Neuro-angiostrongyliasis due to infection with Angiostrongylus cantonensis (Chen, 1935) is an important public health concern in many countries [1], [2]. A. cantonensis is widespread in the tropical and subtropical areas. It is reported mainly in Asia, the Pacific Islands, the Caribbean Islands, Australia, and the USA [3], [4]. However, recent studies have suggested an increasing incidence, broader distribution [5], and sudden appearance in areas previously believed to be free from infections with A. cantonensis [6], [7], [8], [9].

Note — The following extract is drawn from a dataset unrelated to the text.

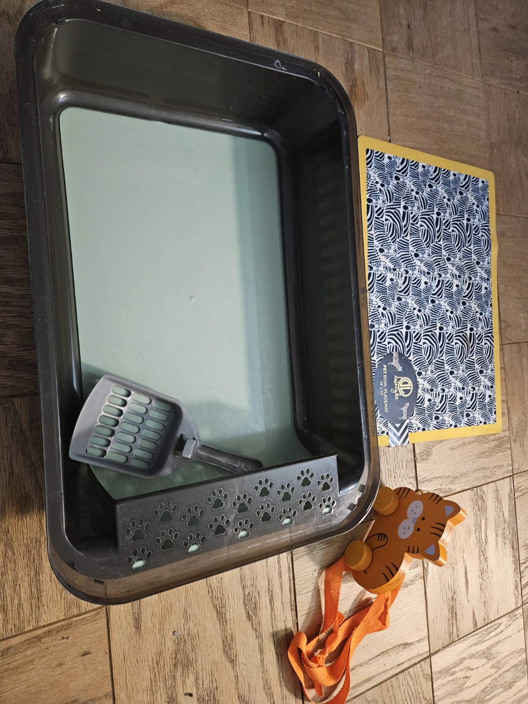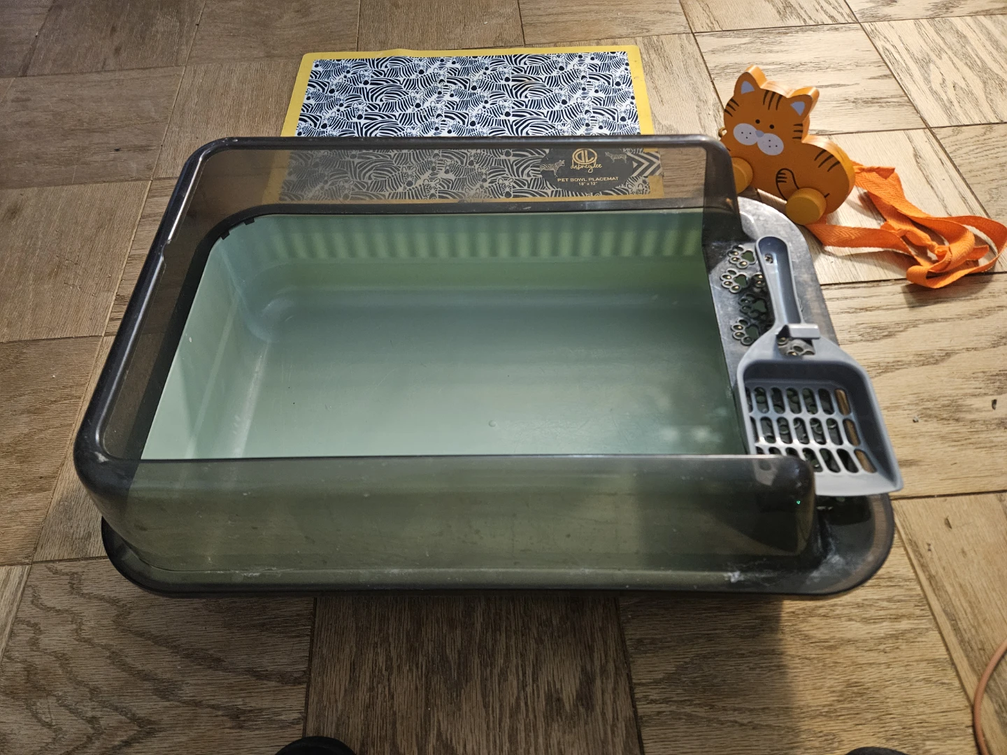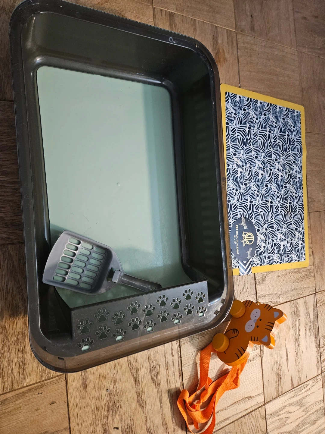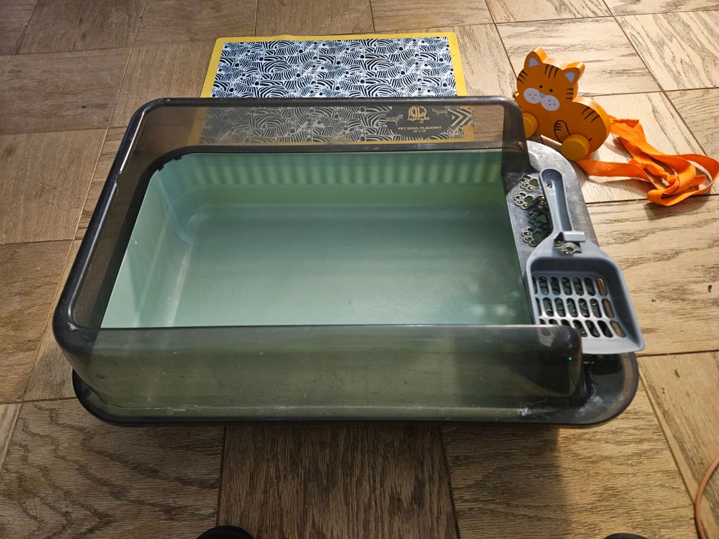 Selling a Pet Zone plastic litter box that's in great shape! It comes with a scoop and a paw-print decorated filter box. The box is a dark gray color with a light green interior. Perfect for keeping your kitty happy and your home clean!

The Ogasawara Islands is group of more than 30 small subtropical islands in the western North Pacific, located approximately 1,000 km south of mainland Japan. The Ogasawara Islands extend approximately 400 km from north to south and consist of the Ogasawara archipelago (the Chichijima, Hahajima, and Mukojima groups), the Iwojima groups, and isolated islands in the surrounding area. The Ogasawara Islands consists of only two of inhabited Islands of Chichijima (the biggest island in the Chichijima group) and Hahajima (the biggest island in the Hahajima group) Islands. In 2011, the Ogasawara Islands was assigned World Natural Heritage site status. It is an area known to be endemic for A. cantonensis. The occurrence of A. cantonensis is well documented in the Chichijima [10], [11], [12], [13], [14], [15], Hahajima [15], [16], [17], and Anijima (belonging to Chichijima group) Islands [18]. However, the occurrence of A. cantonensis in the other islands of the Ogasawara Islands has not been reported.

Nuclear small subunit (SSU) rRNA sequences generally show little variation within a nematode species, but substantial divergence among species, allowing for species differentiation [9], [19], [20]. On the other hand, the mitochondrial cytochrome c oxidase subunit I (coxI) gene has proved to be a powerful marker in resolving phylogenetic relationships within closely related Angiostrongylus species [20], [21], and has provided further information to increase understanding of the genetic differences among A. cantonensis isolates [20], [22]. In a previous study, we showed the presence of 7 distinct haplotypes (ac1, ac2, ac3, ac4, ac5, ac6, and ac7) of the A. cantonensis coxI gene in Asia [20]. Subsequently, Monte et al. (2012) [22] found the presence of 3 distinct haplotypes (ac5, ac8, and ac9) in Brazil. These results supports that the appearance of A. cantonensis in these regions is likely a results of multiple introduction of infected hosts via human related transportation [20], [22].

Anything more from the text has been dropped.